▶ **Instructions for the task**: Return all the entries below exactly, except for the images they hold.

▶ **Data extracts**:
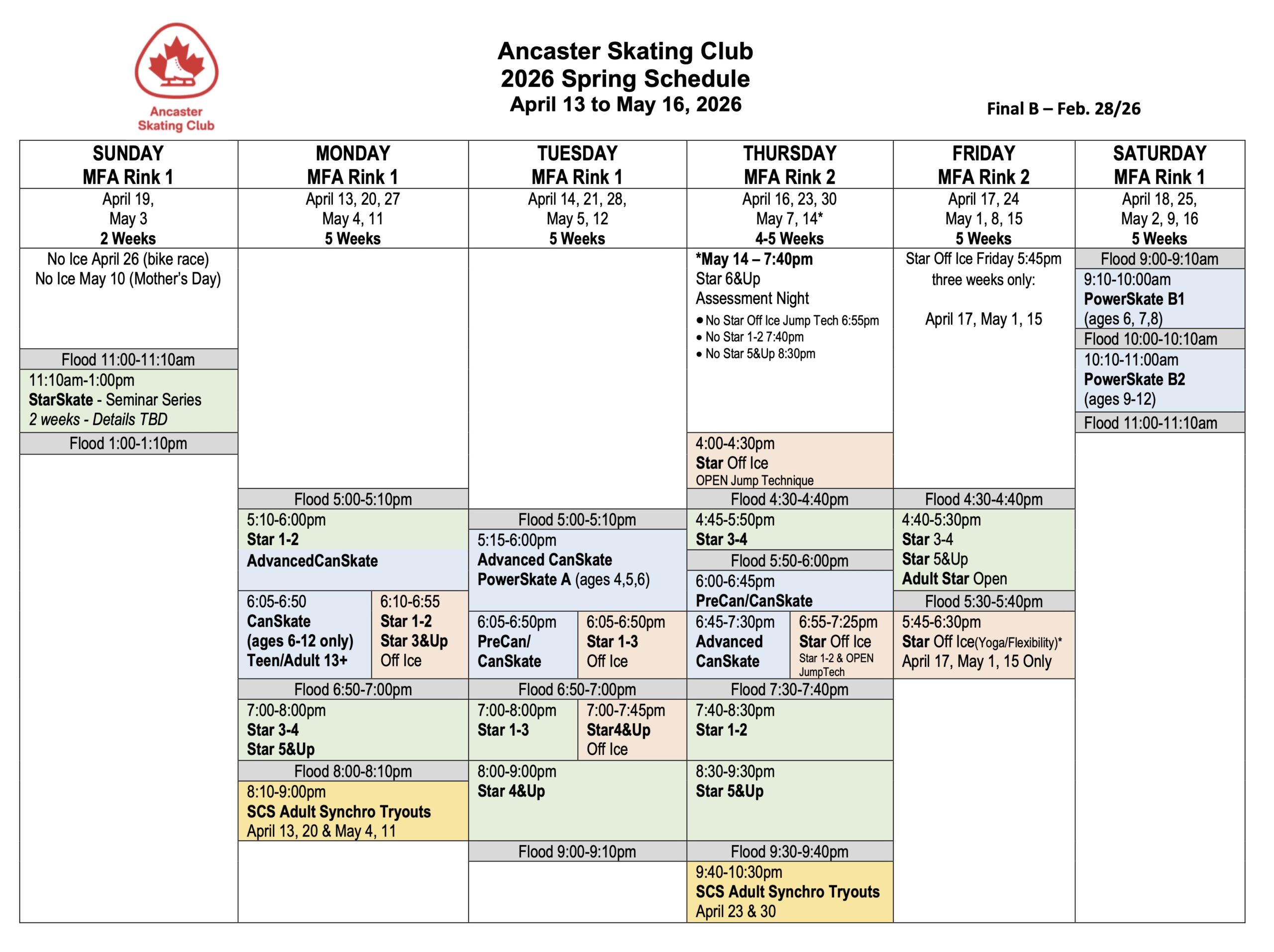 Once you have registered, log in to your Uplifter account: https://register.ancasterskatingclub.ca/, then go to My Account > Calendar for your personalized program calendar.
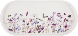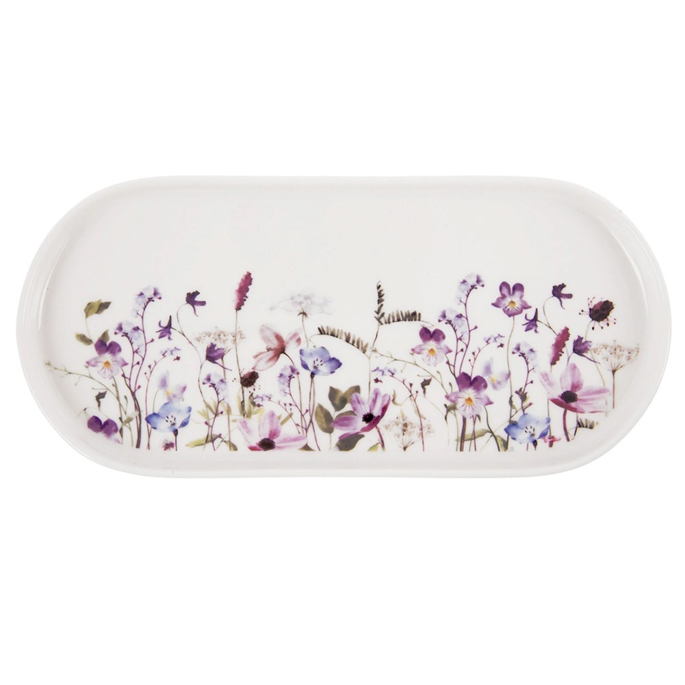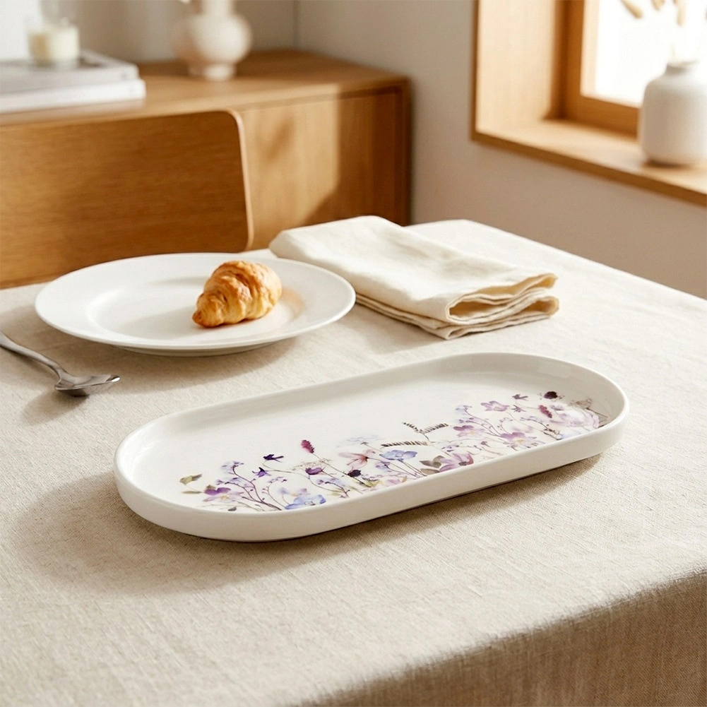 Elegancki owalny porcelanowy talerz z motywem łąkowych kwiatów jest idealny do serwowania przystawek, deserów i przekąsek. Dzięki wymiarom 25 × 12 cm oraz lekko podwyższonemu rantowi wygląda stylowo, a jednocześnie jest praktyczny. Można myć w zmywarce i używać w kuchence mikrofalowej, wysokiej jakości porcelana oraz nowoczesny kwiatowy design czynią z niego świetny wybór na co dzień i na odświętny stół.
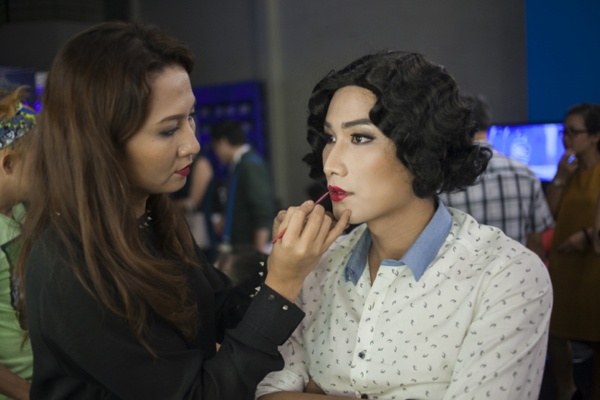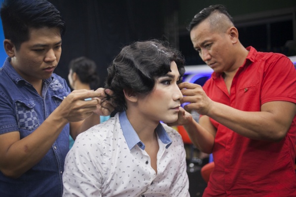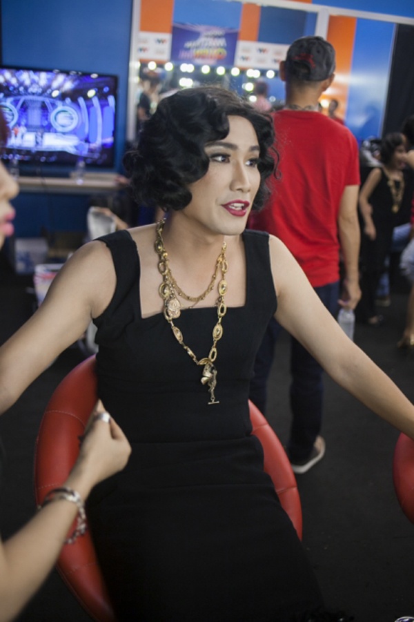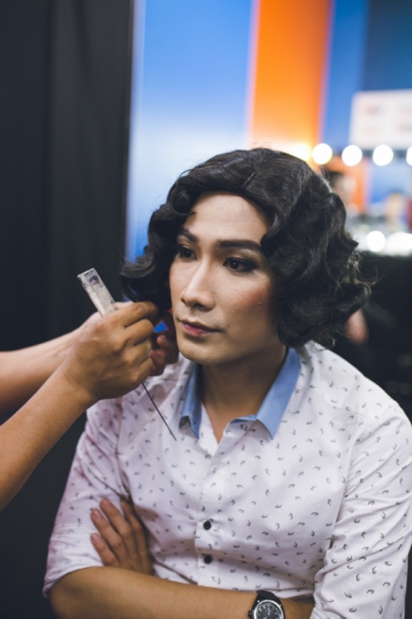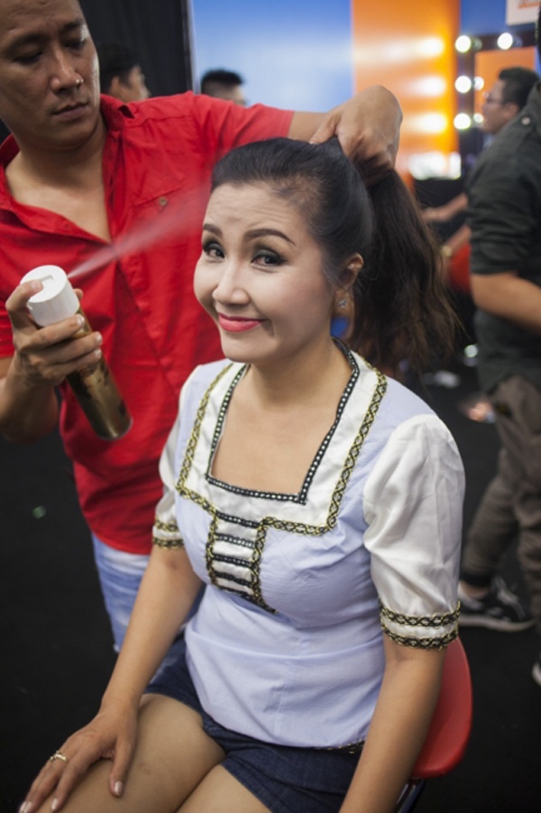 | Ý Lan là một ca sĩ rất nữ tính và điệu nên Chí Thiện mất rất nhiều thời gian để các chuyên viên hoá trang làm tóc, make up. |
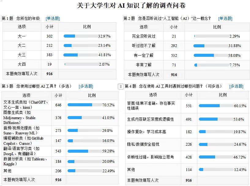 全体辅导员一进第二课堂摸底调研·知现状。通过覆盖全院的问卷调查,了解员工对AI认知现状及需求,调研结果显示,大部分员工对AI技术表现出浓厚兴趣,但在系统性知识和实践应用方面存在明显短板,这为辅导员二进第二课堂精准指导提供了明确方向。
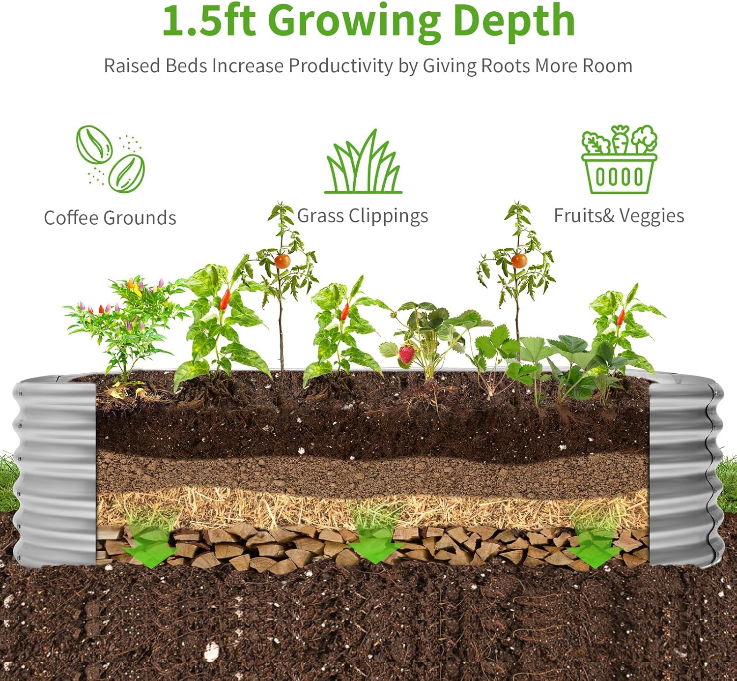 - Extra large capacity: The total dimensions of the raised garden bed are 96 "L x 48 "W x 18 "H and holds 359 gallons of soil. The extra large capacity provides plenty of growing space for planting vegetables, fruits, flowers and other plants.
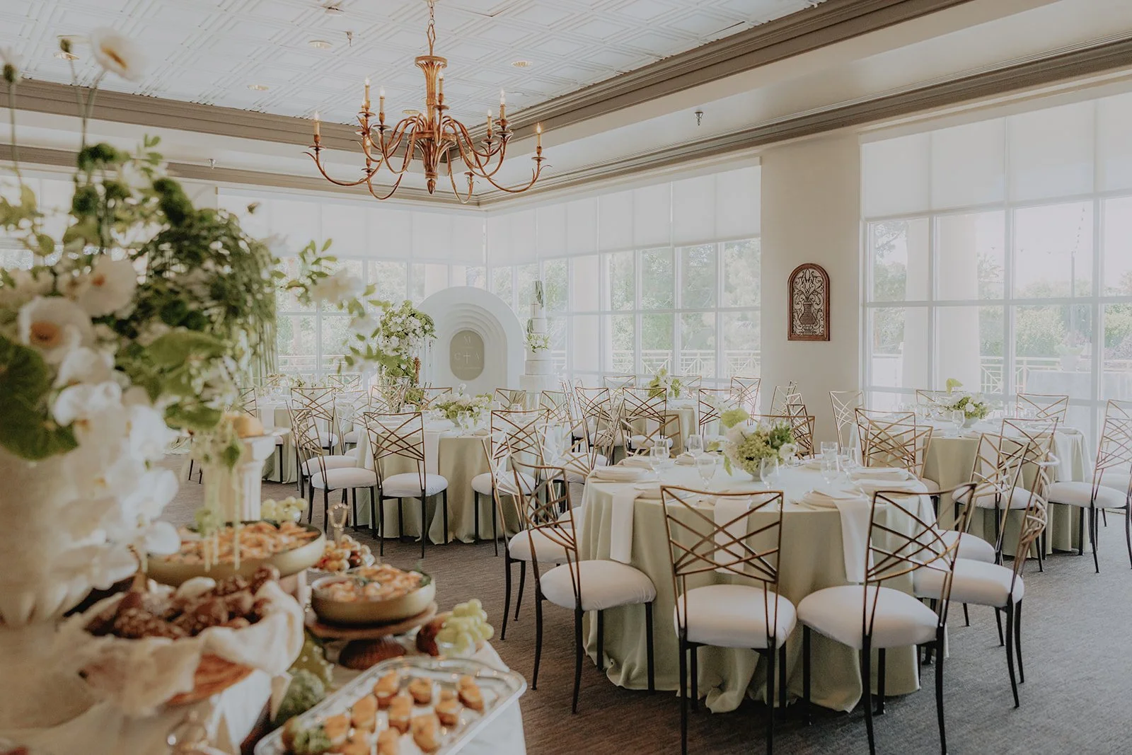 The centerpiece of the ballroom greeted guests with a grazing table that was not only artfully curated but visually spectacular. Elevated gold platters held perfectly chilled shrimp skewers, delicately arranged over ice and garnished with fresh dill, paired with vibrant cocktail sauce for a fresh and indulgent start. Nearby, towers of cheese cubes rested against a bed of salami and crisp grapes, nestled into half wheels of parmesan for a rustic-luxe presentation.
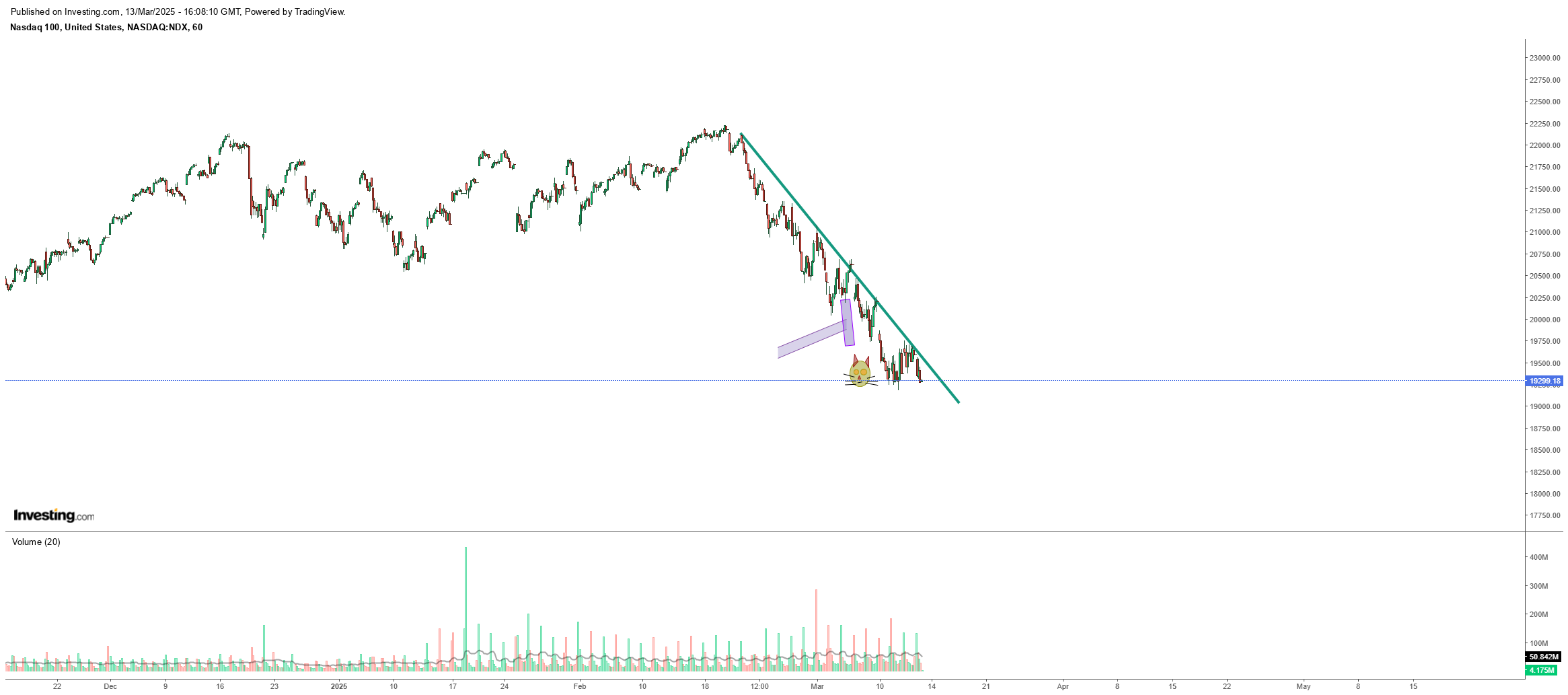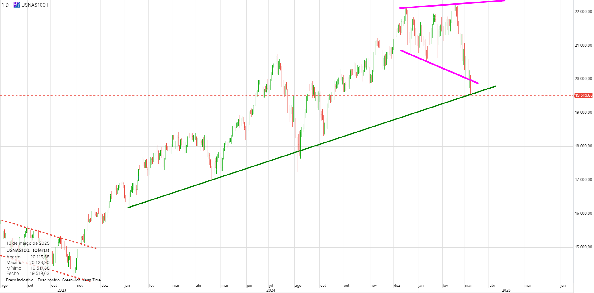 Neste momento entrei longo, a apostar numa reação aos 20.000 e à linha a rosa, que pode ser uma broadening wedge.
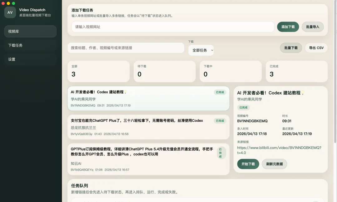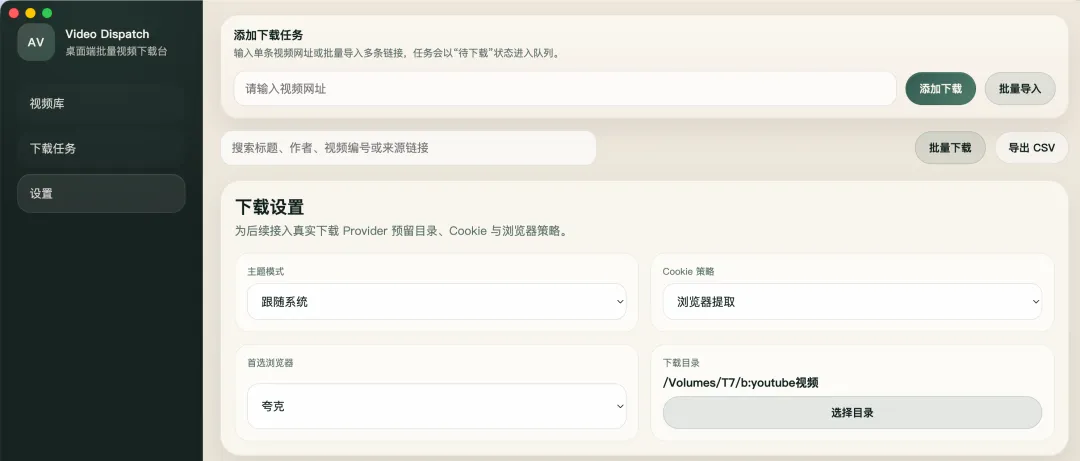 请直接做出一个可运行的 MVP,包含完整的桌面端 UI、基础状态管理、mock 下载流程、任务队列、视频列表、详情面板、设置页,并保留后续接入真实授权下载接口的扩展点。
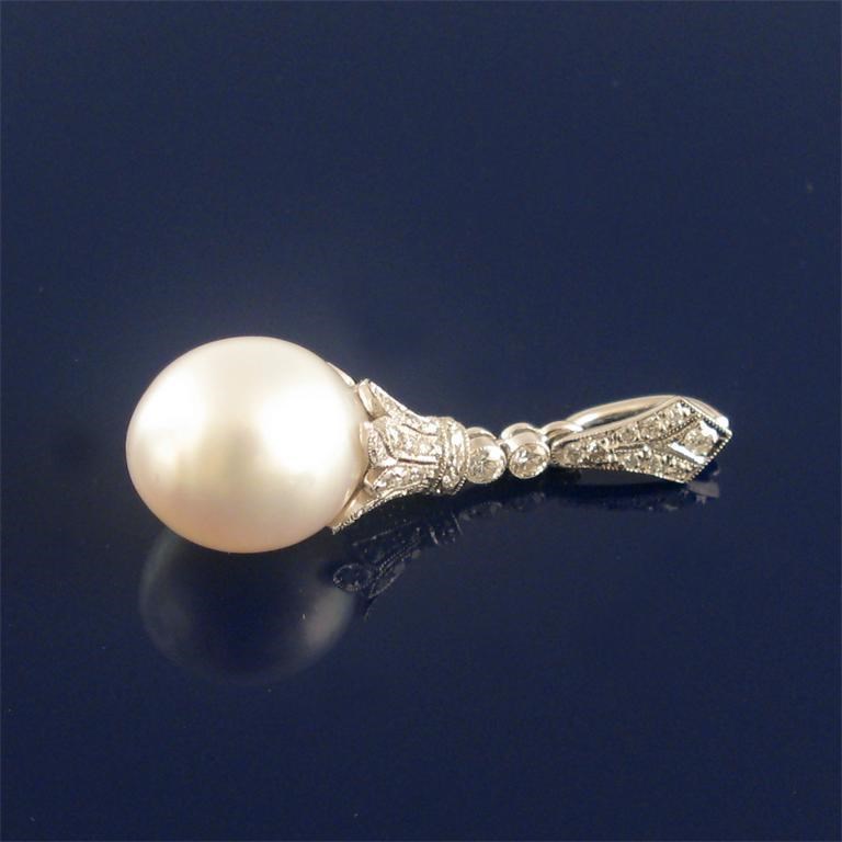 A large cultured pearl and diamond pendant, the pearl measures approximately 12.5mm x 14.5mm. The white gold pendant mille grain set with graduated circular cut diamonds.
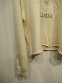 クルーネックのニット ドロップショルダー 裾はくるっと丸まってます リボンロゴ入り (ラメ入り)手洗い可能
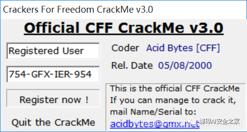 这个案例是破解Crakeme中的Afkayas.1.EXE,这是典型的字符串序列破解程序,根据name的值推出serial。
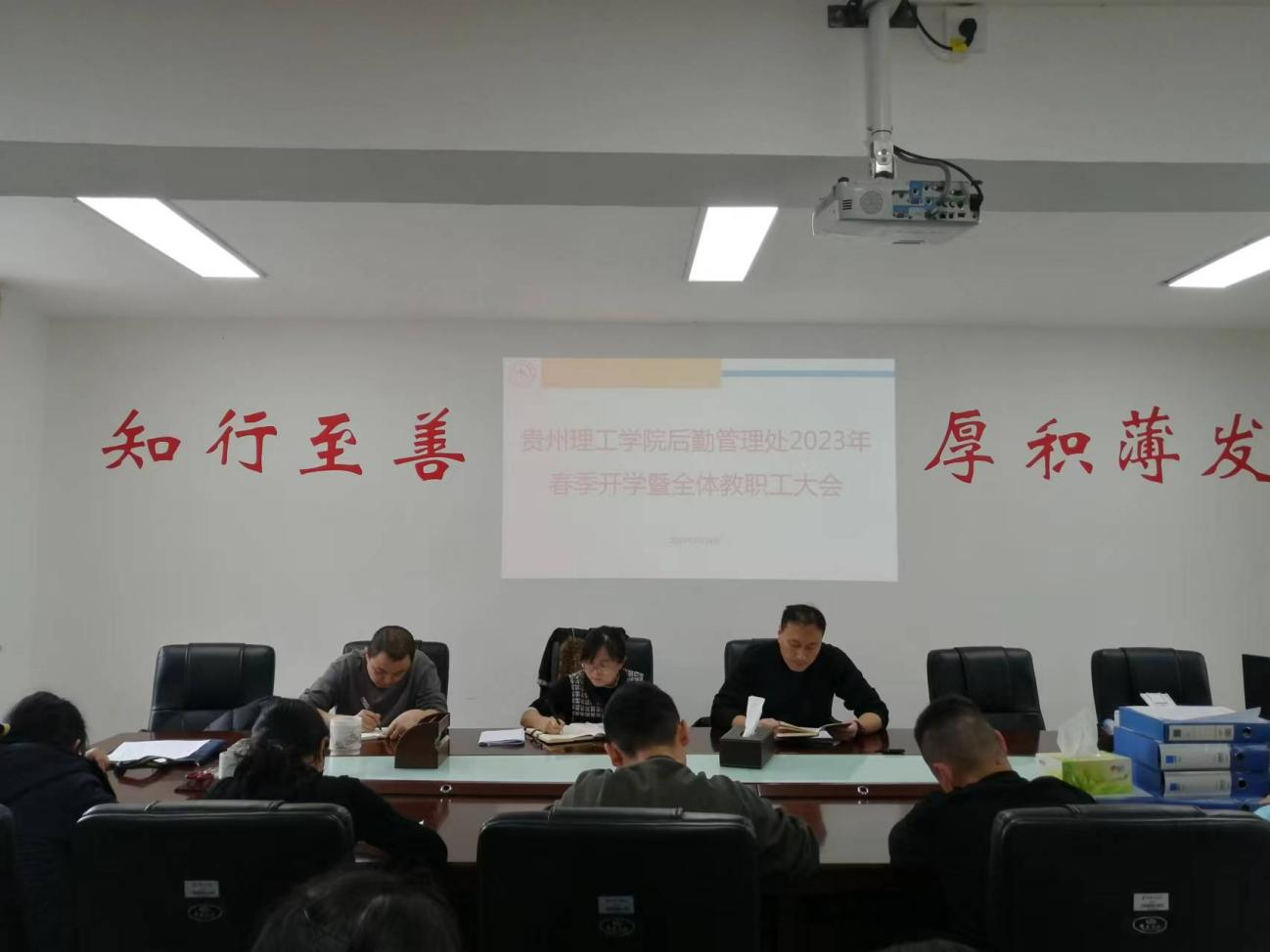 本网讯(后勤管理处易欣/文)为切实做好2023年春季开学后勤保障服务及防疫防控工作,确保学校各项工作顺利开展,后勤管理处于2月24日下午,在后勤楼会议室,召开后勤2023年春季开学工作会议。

▶ **Your solution**:
 Once you have registered, log in to your Uplifter account: https://register.ancasterskatingclub.ca/, then go to My Account > Calendar for your personalized program calendar.
 Elegancki owalny porcelanowy talerz z motywem łąkowych kwiatów jest idealny do serwowania przystawek, deserów i przekąsek. Dzięki wymiarom 25 × 12 cm oraz lekko podwyższonemu rantowi wygląda stylowo, a jednocześnie jest praktyczny. Można myć w zmywarce i używać w kuchence mikrofalowej, wysokiej jakości porcelana oraz nowoczesny kwiatowy design czynią z niego świetny wybór na co dzień i na odświętny stół.
 | Ý Lan là một ca sĩ rất nữ tính và điệu nên Chí Thiện mất rất nhiều thời gian để các chuyên viên hoá trang làm tóc, make up. |
 全体辅导员一进第二课堂摸底调研·知现状。通过覆盖全院的问卷调查,了解员工对AI认知现状及需求,调研结果显示,大部分员工对AI技术表现出浓厚兴趣,但在系统性知识和实践应用方面存在明显短板,这为辅导员二进第二课堂精准指导提供了明确方向。
 - Extra large capacity: The total dimensions of the raised garden bed are 96 "L x 48 "W x 18 "H and holds 359 gallons of soil. The extra large capacity provides plenty of growing space for planting vegetables, fruits, flowers and other plants.
 The centerpiece of the ballroom greeted guests with a grazing table that was not only artfully curated but visually spectacular. Elevated gold platters held perfectly chilled shrimp skewers, delicately arranged over ice and garnished with fresh dill, paired with vibrant cocktail sauce for a fresh and indulgent start. Nearby, towers of cheese cubes rested against a bed of salami and crisp grapes, nestled into half wheels of parmesan for a rustic-luxe presentation.
 Neste momento entrei longo, a apostar numa reação aos 20.000 e à linha a rosa, que pode ser uma broadening wedge.
 请直接做出一个可运行的 MVP,包含完整的桌面端 UI、基础状态管理、mock 下载流程、任务队列、视频列表、详情面板、设置页,并保留后续接入真实授权下载接口的扩展点。
 A large cultured pearl and diamond pendant, the pearl measures approximately 12.5mm x 14.5mm. The white gold pendant mille grain set with graduated circular cut diamonds.
 クルーネックのニット ドロップショルダー 裾はくるっと丸まってます リボンロゴ入り (ラメ入り)手洗い可能
 这个案例是破解Crakeme中的Afkayas.1.EXE,这是典型的字符串序列破解程序,根据name的值推出serial。
 本网讯(后勤管理处易欣/文)为切实做好2023年春季开学后勤保障服务及防疫防控工作,确保学校各项工作顺利开展,后勤管理处于2月24日下午,在后勤楼会议室,召开后勤2023年春季开学工作会议。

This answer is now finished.